= Oddbjørn Snøfugl =

Norwegian politician

Oddbjørn Snøfugl (2 October 1941 - 14 December 2022) was a Norwegian school principal and politician for the Centre Party.

He grew up in Buvika at the Snøfugl farm. Not wanting a career as a farmer, he took the examen artium at Orkdal landsgymnas, tried working as a teacher in Bangsund and enrolled at the Norwegian Teachers' College. He graduated in 1971 with the cand.philol. degree, his graduate thesis in English being Edward Albee's play Box and Quotations from Chairman Mao Tse Tung: an analysis.

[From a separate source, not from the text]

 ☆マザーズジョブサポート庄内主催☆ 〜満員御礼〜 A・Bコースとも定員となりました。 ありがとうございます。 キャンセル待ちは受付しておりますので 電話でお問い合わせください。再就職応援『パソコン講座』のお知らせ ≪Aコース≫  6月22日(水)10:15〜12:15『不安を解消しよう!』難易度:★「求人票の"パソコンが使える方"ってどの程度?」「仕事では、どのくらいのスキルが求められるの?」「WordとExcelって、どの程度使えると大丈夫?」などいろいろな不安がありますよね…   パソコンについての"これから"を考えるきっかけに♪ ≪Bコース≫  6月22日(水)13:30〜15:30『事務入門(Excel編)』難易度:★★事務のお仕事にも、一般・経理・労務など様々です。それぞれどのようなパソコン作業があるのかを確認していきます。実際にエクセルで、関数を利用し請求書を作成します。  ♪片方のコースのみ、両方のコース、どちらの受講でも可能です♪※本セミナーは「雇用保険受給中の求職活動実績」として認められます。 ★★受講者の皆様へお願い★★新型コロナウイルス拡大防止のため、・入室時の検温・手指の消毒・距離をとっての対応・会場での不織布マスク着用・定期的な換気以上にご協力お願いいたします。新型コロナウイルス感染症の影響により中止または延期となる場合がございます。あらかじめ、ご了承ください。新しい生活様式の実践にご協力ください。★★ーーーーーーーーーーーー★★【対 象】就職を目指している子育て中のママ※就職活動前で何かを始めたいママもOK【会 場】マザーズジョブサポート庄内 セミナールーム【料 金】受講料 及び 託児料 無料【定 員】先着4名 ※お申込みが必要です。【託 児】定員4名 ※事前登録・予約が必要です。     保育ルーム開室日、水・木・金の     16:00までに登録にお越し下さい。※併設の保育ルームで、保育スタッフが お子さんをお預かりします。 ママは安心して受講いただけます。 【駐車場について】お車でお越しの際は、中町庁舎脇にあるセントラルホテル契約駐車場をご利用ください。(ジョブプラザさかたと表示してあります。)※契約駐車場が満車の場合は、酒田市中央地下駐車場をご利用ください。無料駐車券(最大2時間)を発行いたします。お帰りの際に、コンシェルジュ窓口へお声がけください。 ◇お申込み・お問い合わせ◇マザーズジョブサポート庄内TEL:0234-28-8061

Snøfugl was hired as a teacher at Støren Secondary School, later Støren Upper Secondary School. In 1984 he was hired as headmaster of Melhus Upper Secondary School. He was recruited to Vinstra Upper Secondary School as headmaster in 1992. Moving to Lillehammer Municipality, he also worked in Oppland County Municipality as school director and vice chief administrative officer.

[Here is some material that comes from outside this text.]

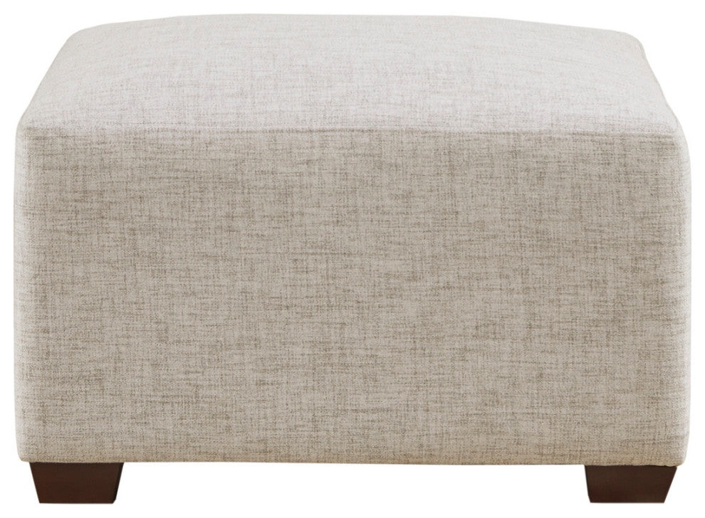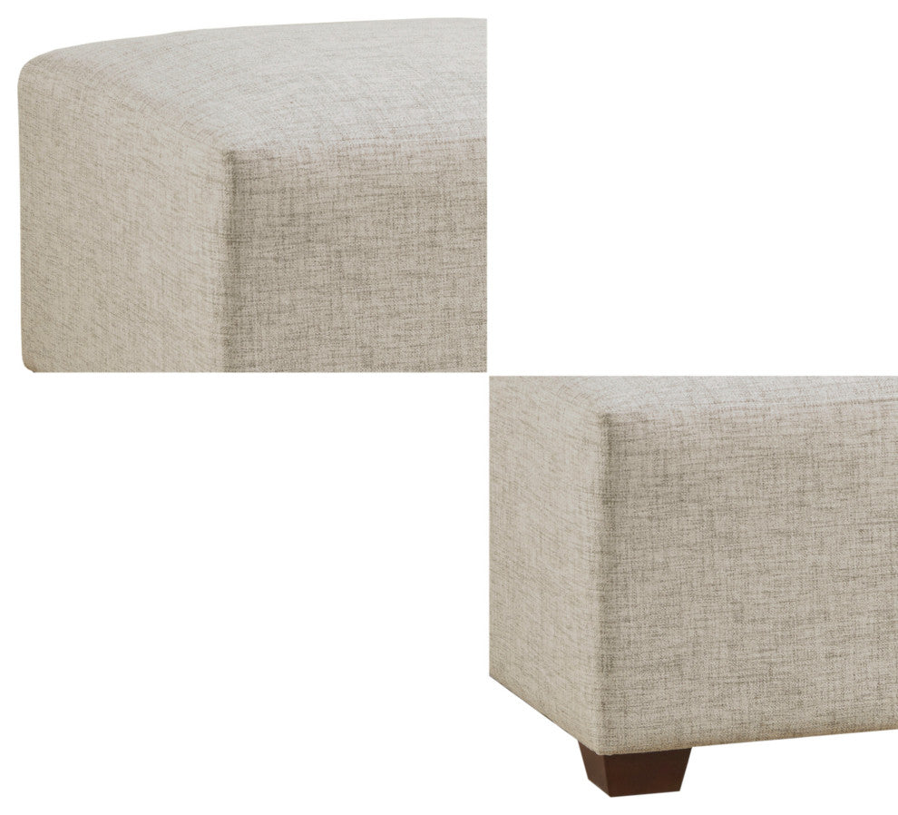 DESCRIPTIONCreate a comfortable seating arrangement in your living room with the modern sectional sofa chairs and ottoman. Upholstered in durable and resilient fabric, the modular pieces feature a sleek and clean design for a casual and long lasting look. With unlimited combinations using pieces from the Molly sofa collection, this modular sectional can be easily tailored to fit in any space and elevate your decor.FEATURES? Modern yet casual modular chair and/or ottoman, providing versatile and customizable configurations based on your space needs? Unlimited configurations possibilities ranging from sofa chaise, L-shaped, U-shaped, and standard sofa shapes, or simply be used as a standalone furniture piece? Low back chairs removable flange seamed pillow included on each chair (ottoman not includes pillow)? Upholstered in performance fabric to enhance durability ? Solid wood block feet in dark espresso finish? Assembly required, tools included? Weight capacity: 300 lbsMATERIALSFrame/Arm: Solid wood and plywoodLeg: Solid woodFabric: 100% polyester, wovenFilling: FoamWood Finish: Dark espressoSIZE DESCRIPTION2 Corner Chair:34"W x 34"D x 28"H (2)1 Ottoman:30"W x 30"D x 18"H

Following the 1975 Norwegian local elections, Snøfugl was elected mayor of Midtre Gauldal Municipality. He edged out Labour's Inge Grav with a 18-16 vote between the members of the municipal council. After a four-year term he stepped down and was replaced by his Centre party colleague Anders Storrøsæter. He served as a deputy representative to the Parliament of Norway from Sør-Trøndelag during the term 1969-1973. In total he met during 6 days of parliamentary session.

After retiring, Snøfugl wrote three books, one of them about a missionary in India, Johan Ofstad. Snøfugl also spent two years editing the local history yearbook Gauldalsminne. He resided in Støren.